Davie Holt

Personal information
- Full name: David Duff Holt
- Date of birth: 3 January 1936 (age 90)
- Place of birth: Glasgow, Scotland
- Height: 5 ft 08 in (1.73 m)
- Position: Left back

Youth career
- Glentyan Thistle
- Newhill Amateurs
- Lugar Boswell Thistle

Senior career*
- Years: Team / Apps / (Gls)
- 1957–1960: Queen's Park / 61 / (2)
- 1960–1969: Heart of Midlothian / 231 / (0)
- 1969–1970: Partick Thistle / 19 / (0)
- Total:  / 311 / (2)

International career
- 1958: Scotland U23 / 1 / (0)
- 1960: Great Britain / 3 / (0)
- 1963–1964: Scotland / 5 / (0)
- 1964: SFA trial v SFL / 1 / (0)
- 1964: Scottish League XI / 1 / (0)

= David Holt (footballer, born 1936) =

Scottish footballer (born 1936)

David Duff Holt (born 3 January 1936) is a Scottish former international footballer who played as a left back. During his playing career, Holt made more than 300 appearances in the Scottish Football League for Queen's Park, Heart of Midlothian and Partick Thistle between 1957 and 1970.

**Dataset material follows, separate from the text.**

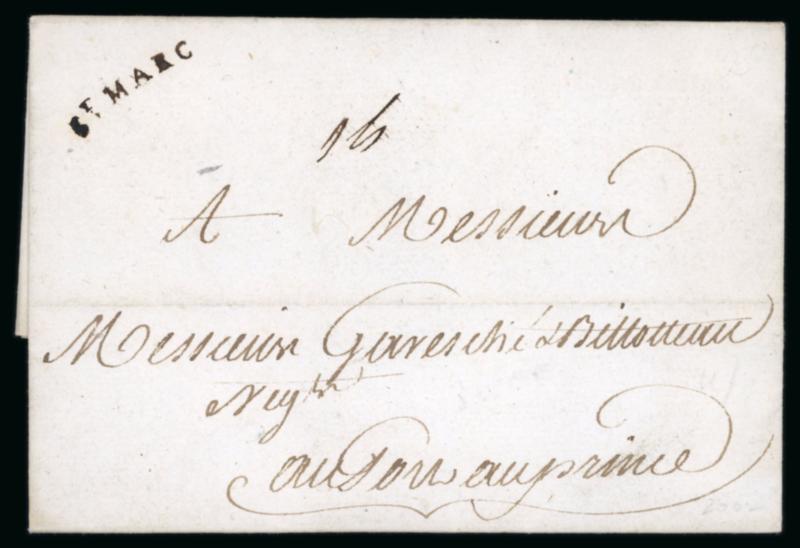1781 (7 December) entire from St Marc to Port au Prince bearing fine strike of cursive St Marc handstamp, 1 escalines local charge. light central filing crease. (Image)
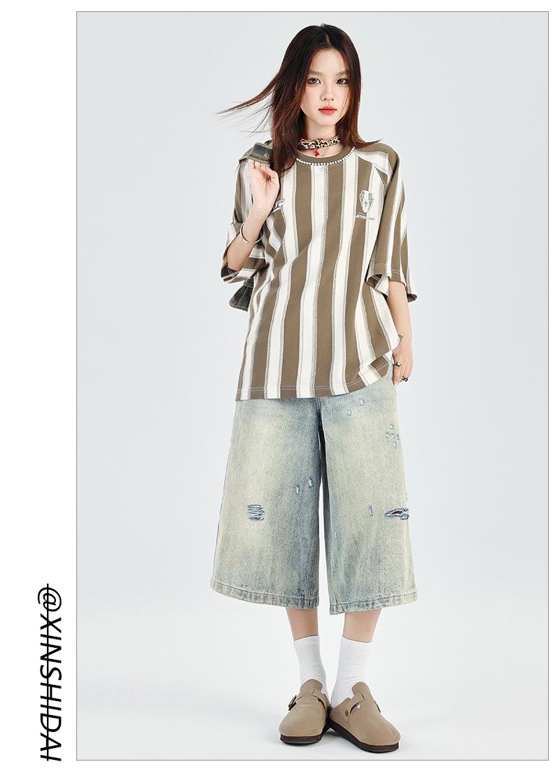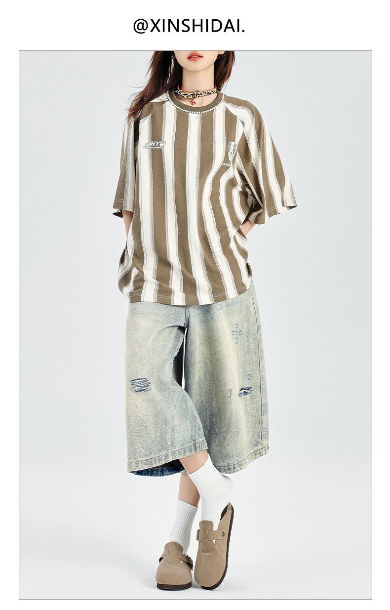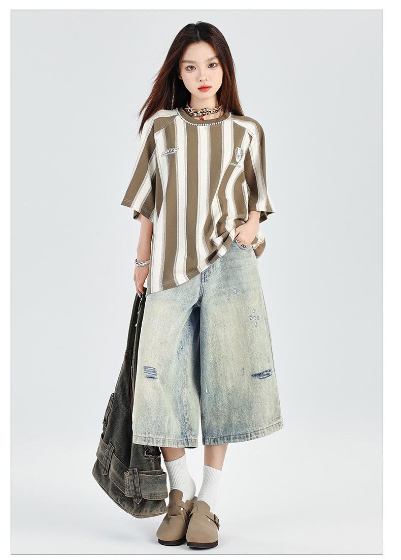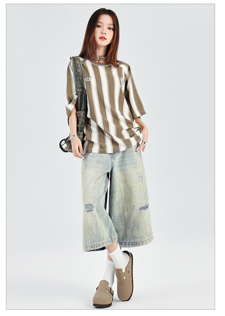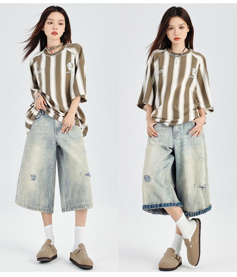 ¡24º día! Estilo Callejero Americano | Pantalones Cortos Vintage Rotos Unisex Jeans Sueltos de Pierna Ancha

At Hearts (who were reigning Scottish champions at the time he joined the club), Holt won the 1962–63 Scottish League Cup during his nine-year spell at Tynecastle Park and was an important member of the team which only missed out on the 1964–65 Scottish Division One title on goal average. However, he was released on a free transfer in 1969 and later stated he felt he had been badly treated by the club.

Holt, who earned five caps for Scotland national side, also represented Great Britain at the 1960 Summer Olympics (being able to do so as he played for Queen's Park who operated on an amateur basis).

Holt later worked as a taxi driver for many years.